MATLAB Language Drawing Pseudo 4D plot
Example
A (m x n) matrix can be representes by a surface by using surf;
The color of the surface is automatically set as function of the values in the (m x n) matrix.
If the colormap is not specified, the default one is applied.
A colorbar can be added to display the current colormap and indicate the mapping of data values into the colormap.
In the following example, the z (m x n) matrix is generated by the function:
z=x.*y.*sin(x).*cos(y);
over the interval [-pi,pi]. The x and y values can be generated using the meshgrid
function and the surface is rendered as follows:
% Create a Figure
figure
% Generate the `x` and `y` values in the interval `[-pi,pi]`
[x,y] = meshgrid([-pi:.2:pi],[-pi:.2:pi]);
% Evaluate the function over the selected interval
z=x.*y.*sin(x).*cos(y);
% Use surf to plot the surface
S=surf(x,y,z);
xlabel('X Axis');
ylabel('Y Axis');
zlabel('Z Axis');
grid minor
colormap('hot')
colorbar
Figure 1
Now it could be the case that additional information are linked to the values
of the z matrix and they are store in another (m x n) matrix
It is possible to add these additional information on the plot by modifying the way the surface is colored.
This will allows having kinda of 4D plot: to the 3D representation of the surface
generated by the first (m x n) matrix, the fourth dimension will be represented by the
data contained in the second (m x n) matrix.

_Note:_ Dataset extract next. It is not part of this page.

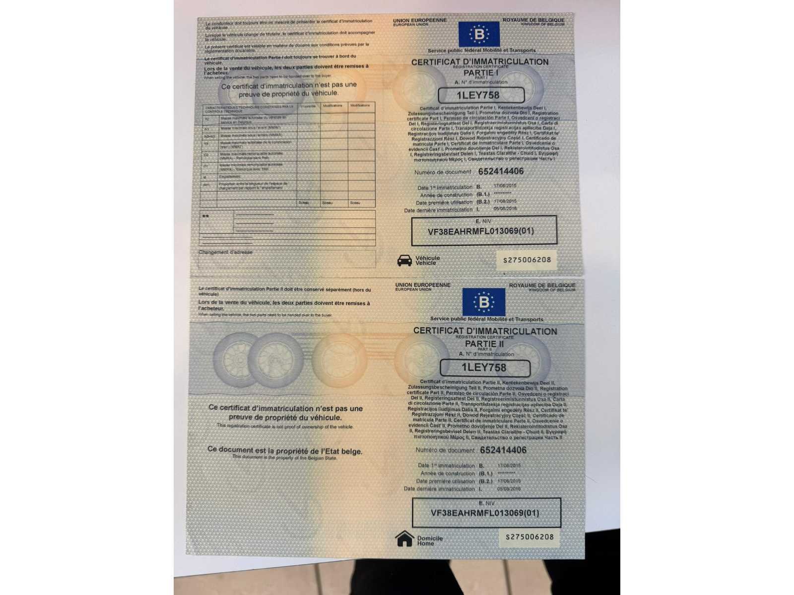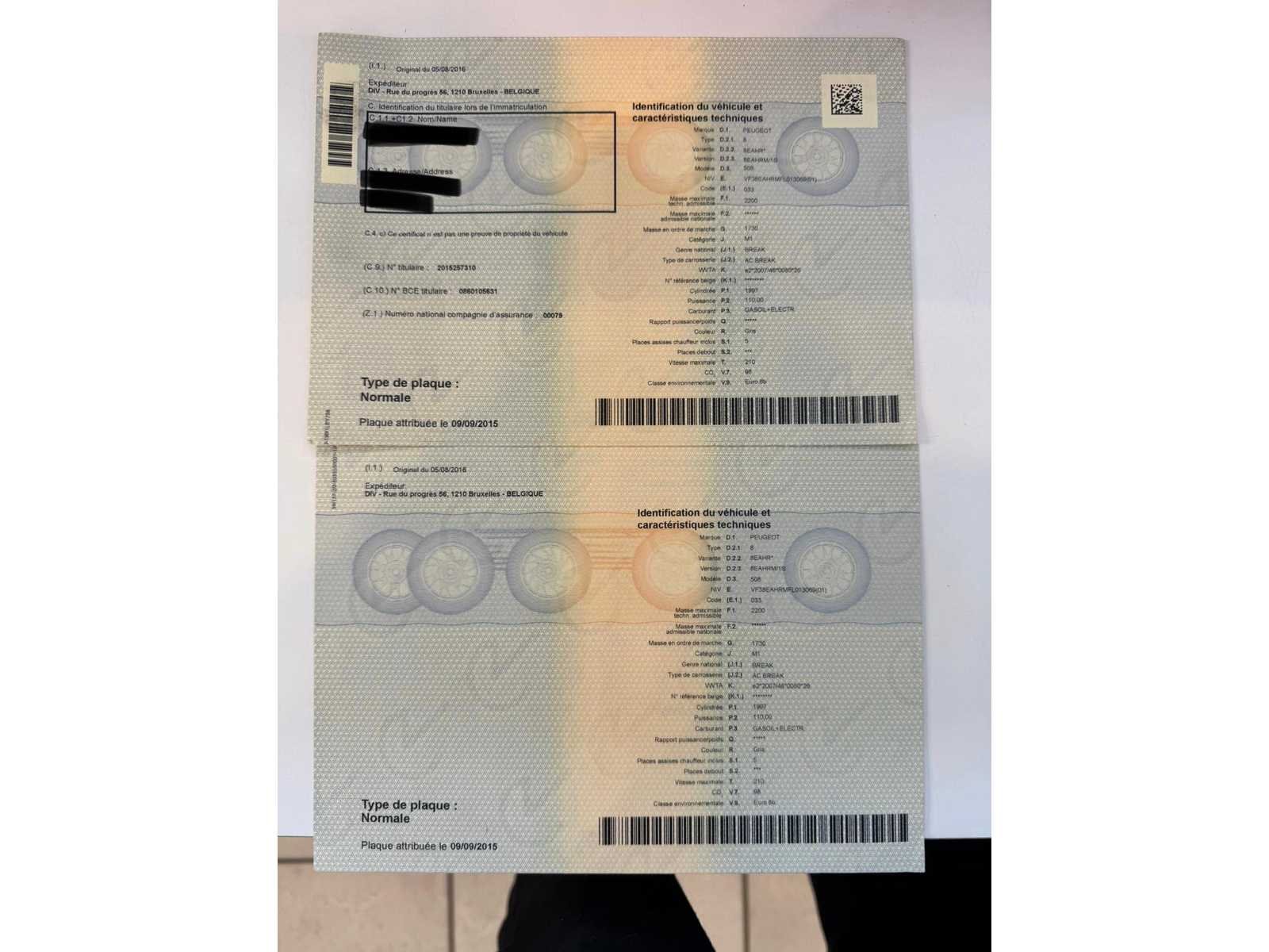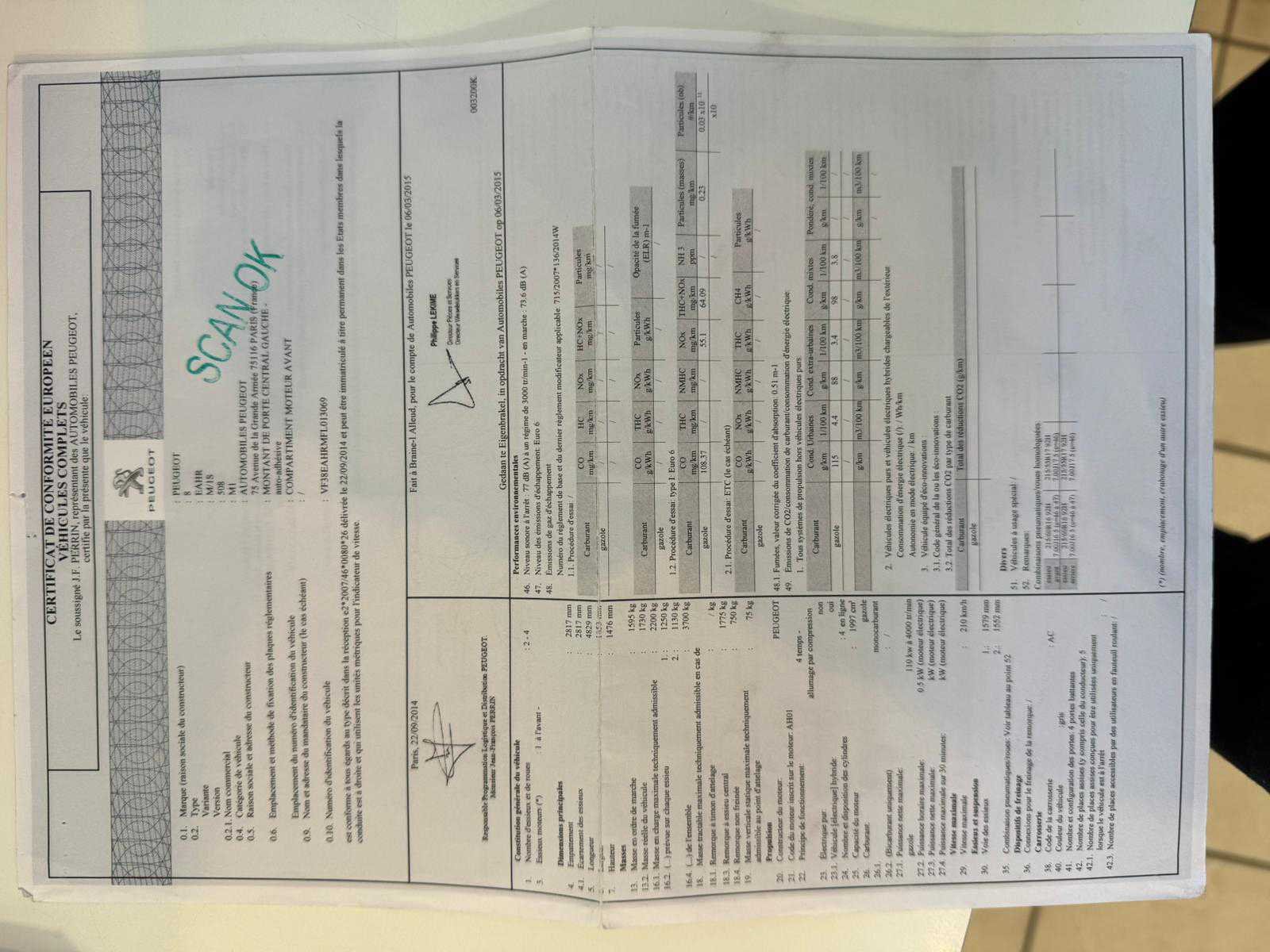 Merk: Peugeot Model: 508 Bouwjaar: 2015 Afgelezen kilometerstand: 215826km Cilinderinhoud: 1997cc Vermogen (kW): 110kW Brandstof: hybride (elektrisch+diesel) Chassisnummer: VF38EAHRMFL013069 Datum eerste toelating: 17/08/2015 Nationaliteit documenten: Belgisch Start en rijdt: Ja startinformatie : Start en rijdt Inschrijvingsbewijs - deel 1 : Aanwezig Inschrijvingsbewijs - deel 2: Aanwezig

It is possible to create such a plot by calling surf with 4 input:
surf(x,y,z,C)
where the C parameter is the second matrix (which has to be of the same size of z) and
is used to define the color of the surface.
In the following example, the C matrix is generated by the function:
C=10*sin(0.5*(x.^2.+y.^2))*33;
over the interval [-pi,pi]
The surface generated by C is
Figure 2
Now we can call surf with four input:
figure
surf(x,y,z,C)
% shading interp
xlabel('X Axis');
ylabel('Y Axis');
zlabel('Z Axis');
grid minor
colormap('hot')
colorbar
Figure 3
Comparing Figure 1 and Figure 3, we can notice that:
- the shape of the surface corresponds to the
zvalues (the first(m x n)matrix) - the colour of the surface (and its range, given by the colorbar) corresponds to the
Cvalues (the first(m x n)matrix)
Figure 4
Of course, it is possible to swap z and C in the plot to have the shape of the surface given by the C matrix and the color given by the z matrix:
figure
surf(x,y,C,z)
% shading interp
xlabel('X Axis');
ylabel('Y Axis');
zlabel('Z Axis');
grid minor
colormap('hot')
colorbar
and to compare Figure 2 with Figure 4